- Source records
■ ■ ■

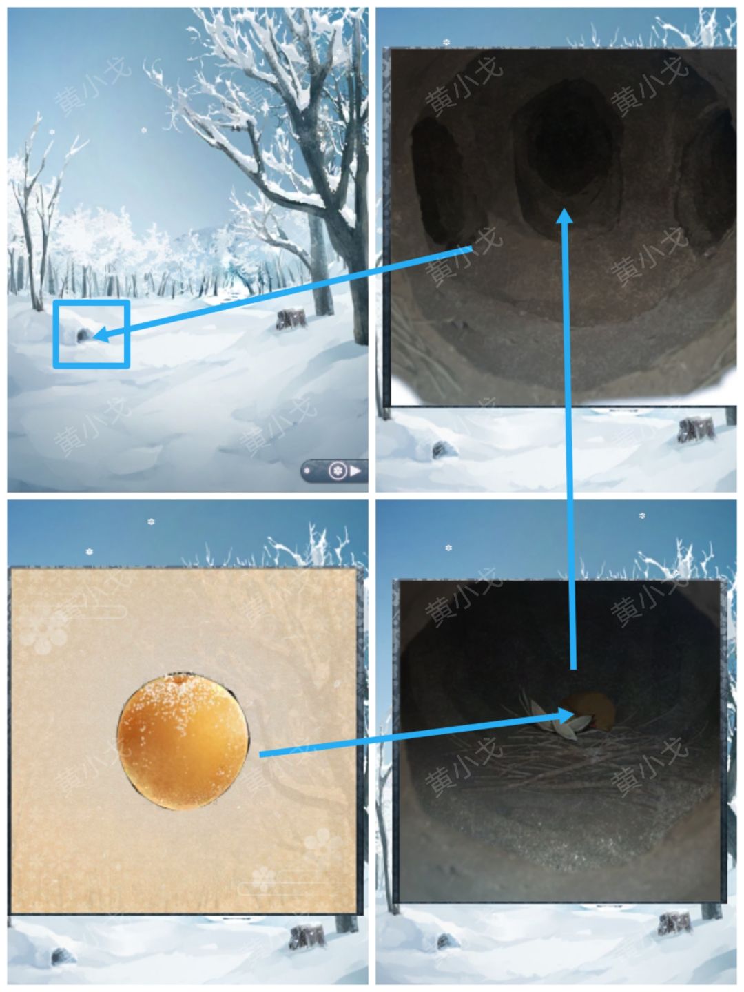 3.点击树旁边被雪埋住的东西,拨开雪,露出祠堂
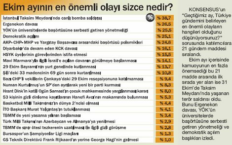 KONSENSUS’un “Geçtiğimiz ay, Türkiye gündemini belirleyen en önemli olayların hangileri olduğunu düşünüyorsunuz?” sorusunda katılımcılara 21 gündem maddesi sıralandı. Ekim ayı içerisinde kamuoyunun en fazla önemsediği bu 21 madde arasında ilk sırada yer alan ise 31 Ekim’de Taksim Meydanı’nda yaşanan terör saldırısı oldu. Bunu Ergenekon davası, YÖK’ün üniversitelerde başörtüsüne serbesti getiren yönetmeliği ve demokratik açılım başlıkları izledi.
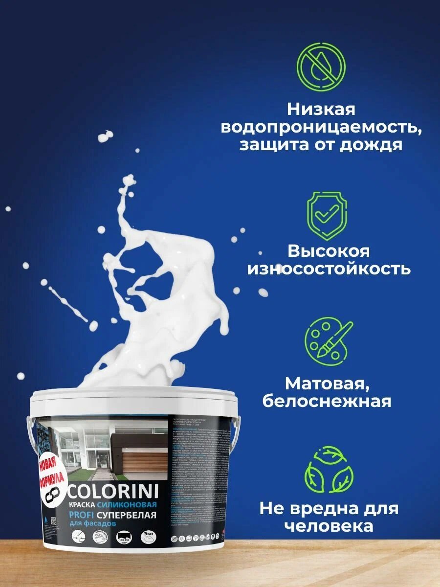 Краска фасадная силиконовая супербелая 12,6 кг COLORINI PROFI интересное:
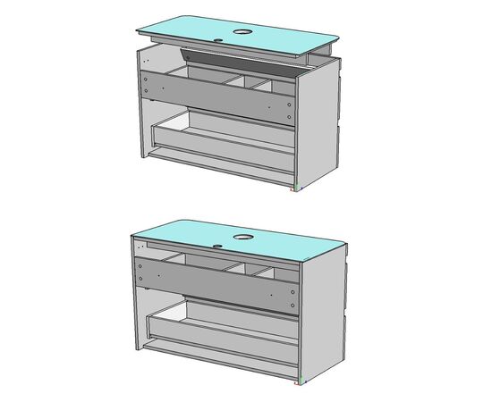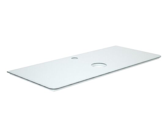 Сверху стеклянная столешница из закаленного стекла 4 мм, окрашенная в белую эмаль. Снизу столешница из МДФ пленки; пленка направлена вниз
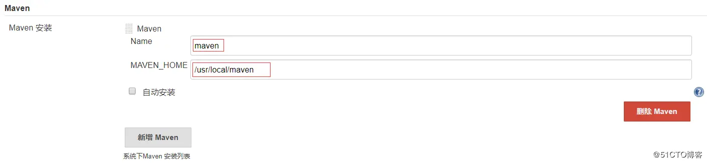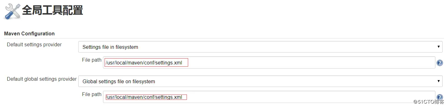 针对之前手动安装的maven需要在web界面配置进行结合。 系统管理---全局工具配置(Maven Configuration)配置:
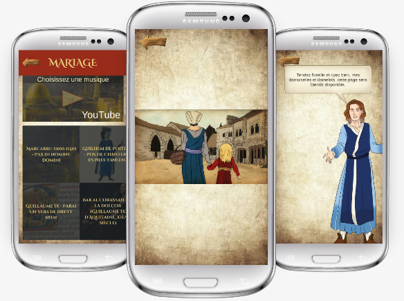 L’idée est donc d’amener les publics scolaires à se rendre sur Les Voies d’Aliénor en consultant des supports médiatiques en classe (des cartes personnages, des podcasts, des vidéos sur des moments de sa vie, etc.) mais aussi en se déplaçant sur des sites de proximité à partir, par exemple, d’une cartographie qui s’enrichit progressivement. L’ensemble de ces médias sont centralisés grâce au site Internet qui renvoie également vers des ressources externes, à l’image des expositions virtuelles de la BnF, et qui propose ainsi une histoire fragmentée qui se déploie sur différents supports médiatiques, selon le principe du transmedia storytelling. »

■ ■ ■

- Required work
Your copy should match the records above exactly, except that it contains no pictures.

- Output below
 3.点击树旁边被雪埋住的东西,拨开雪,露出祠堂
 KONSENSUS’un “Geçtiğimiz ay, Türkiye gündemini belirleyen en önemli olayların hangileri olduğunu düşünüyorsunuz?” sorusunda katılımcılara 21 gündem maddesi sıralandı. Ekim ayı içerisinde kamuoyunun en fazla önemsediği bu 21 madde arasında ilk sırada yer alan ise 31 Ekim’de Taksim Meydanı’nda yaşanan terör saldırısı oldu. Bunu Ergenekon davası, YÖK’ün üniversitelerde başörtüsüne serbesti getiren yönetmeliği ve demokratik açılım başlıkları izledi.
 Краска фасадная силиконовая супербелая 12,6 кг COLORINI PROFI интересное:
 Сверху стеклянная столешница из закаленного стекла 4 мм, окрашенная в белую эмаль. Снизу столешница из МДФ пленки; пленка направлена вниз
 针对之前手动安装的maven需要在web界面配置进行结合。 系统管理---全局工具配置(Maven Configuration)配置:
 L’idée est donc d’amener les publics scolaires à se rendre sur Les Voies d’Aliénor en consultant des supports médiatiques en classe (des cartes personnages, des podcasts, des vidéos sur des moments de sa vie, etc.) mais aussi en se déplaçant sur des sites de proximité à partir, par exemple, d’une cartographie qui s’enrichit progressivement. L’ensemble de ces médias sont centralisés grâce au site Internet qui renvoie également vers des ressources externes, à l’image des expositions virtuelles de la BnF, et qui propose ainsi une histoire fragmentée qui se déploie sur différents supports médiatiques, selon le principe du transmedia storytelling. »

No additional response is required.